Евгений Валерьевич развёл руками.

– Год назад. Элемент везения. Первый транспорт, способный принять на борт соответствующий груз шёл в Феодосию. Уже на месте дельфина перенаправили к нам на реабилитацию.

– Год назад... – Элачи нервно тёр подбородок. – И вы не отходили от него с момента появления?

– Именно.

– А скажите, в поведении этого дельфина... Мячика – так вы его называете, верно?

Евгений Валерьевич снова кивнул.

– Вы не заметили ничего странного в поведении этого самого Мячика?

– Странного?.. – Евгений Валерьевич задумался. – Ну, как вам сказать... Дельфин перенёс серьёзный стресс. Естественно, его поведение, в определённой степени, отличалось от признанных норм.

– А впоследствии?

– Я бы не сказал, – Евгений Валерьевич оставался задумчивым, что только ещё больше раззадоривало любопытство Элачи.

– Что же, совсем ничего?

– Хм... Есть один момент. Но я не склонен трактовать его, как странность или что-то иррациональное.

– Расскажите!

Евгений Валерьевич недоверчиво глянул на своего собеседника – подобный напор явно тревожил его.

– Вы точно тот, за кого себя выдаёте?

Элачи побледнел. Отпираться и дальше не было смысла. Он сухо сказал:

– В какой-то мере.

Евгений Валерьевич молчал.

Элачи собрался с духом.

– Видите ли, из-за подшефной мне организации случилась массовая гибель морских млекопитающих, птиц и некоторых других представителей земной фауны.
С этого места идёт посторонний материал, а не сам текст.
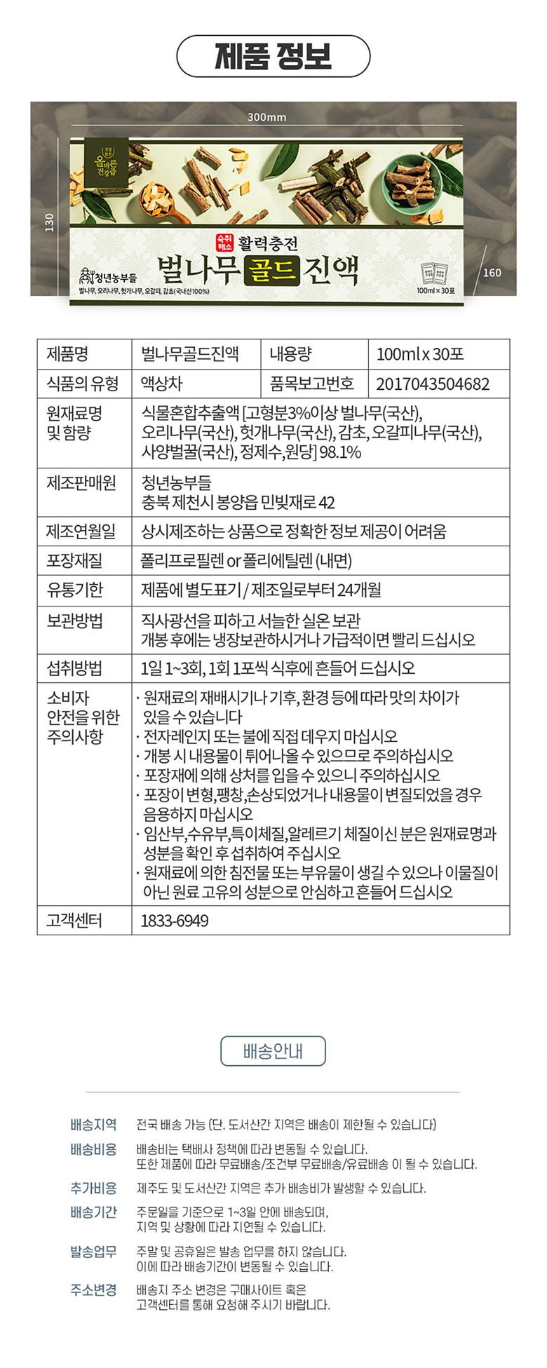 청년농부 벌나무골드진액 100ml x 30포 상품이미지

Это было что-то вроде эксперимента. Эксперимента, который с треском провалился, унеся с собой миллионы ни в чём не повинных жизней, – Элачи сделал паузу. – Я просто хочу разобраться во всём произошедшем, потому что... Я понятия не имею, что именно вырвалось наружу. Возможно, ничего подобного никогда больше не повторится, но возможно и обратное. Мне необходимо знать всё об этом Мячике! Иначе я не смогу дать окончательный ответ на вопрос, почему он один на всей планете сохранил самообладание, – Элачи закончил свою эмоциональную речь и, с надеждой, заглянул в глаза дрессировщика.
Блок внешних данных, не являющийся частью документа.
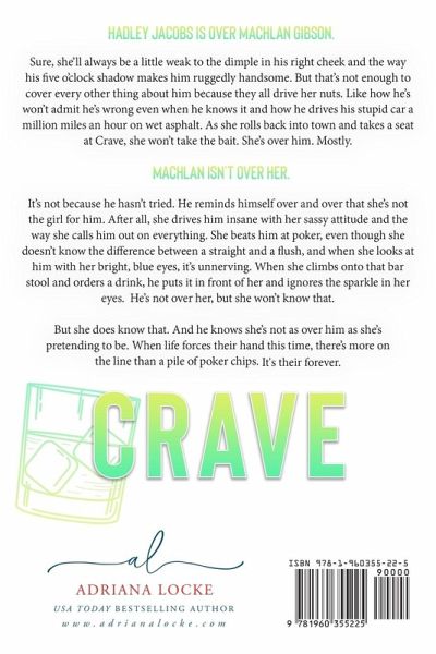 Hadley Jacobs is over Machlan Gibson. Sure, she'll always be a little weak to the dimple in his right cheek and the way his five o'clock shadow makes him ruggedly handsome. But that's not enough to cover every other thing about him because they all drive her nuts. Like how he won't admit he's wrong even when he knows it and how he drives his stupid car a million miles an hour on wet asphalt. As she rolls back into town and takes a seat at Crave, she won't take the bait. She's over him. Mostly. Machlan isn't over her. It's not because he hasn't tried. He reminds himself over and over that she's not the girl for him. After all, she drives him insane with her sassy attitude and the way she calls him out on everything. She beats him at poker, even though she doesn't know the difference between a straight and a flush, and when she looks at him with her bright, blue eyes, it's unnerving. When she climbs onto that bar stool and orders a drink, he puts it in front of her and ignores the sparkle in her eyes. He's not over her, but she won't know that. But she does know that. And he knows she's not as over him as she's pretending to be. When life forces their hand this time, there's more on the line than a pile of poker chips. It's their forever. Crave is a second-chance standalone romance in a new small-town, blue-collar series from USA Today best-selling author Adriana Locke. Join listeners everywhere as they fall in love with the delicious Gibson Boys.

Евгений Валерьевич молчал. Потом глянул в ответ на Элачи. Тихо проговорил:

– Зачем всё это?

– Что, простите?

– То, чем вы занимаетесь там у себя. Разве это правильно: корпеть над материей и антиматерией, расщеплять ядра, рубить ход в параллельный мир? Вы никогда не задумывались, к чему это всё может привести? Нет. А надо было – ведь мы это уже проходили. До создания атомной бомбы хоть кто-нибудь задумался, как будет дальше? Вряд ли. Создали. Живём. Точнее не живём, а балансируем, будто на качелях, страшась неверно озвучить собственную позицию, а то ведь могут не так понять, не так махнуть. А что в этом случае? Хм... Ничего. Верёвка пока держит. Так и теперь. Все куда-то стремятся, но толком не знают куда. А самое главное, зачем. Да, развиваться нужно, не спорю, но верен ли выбранный нами путь? Не приведёт ли он в тупик?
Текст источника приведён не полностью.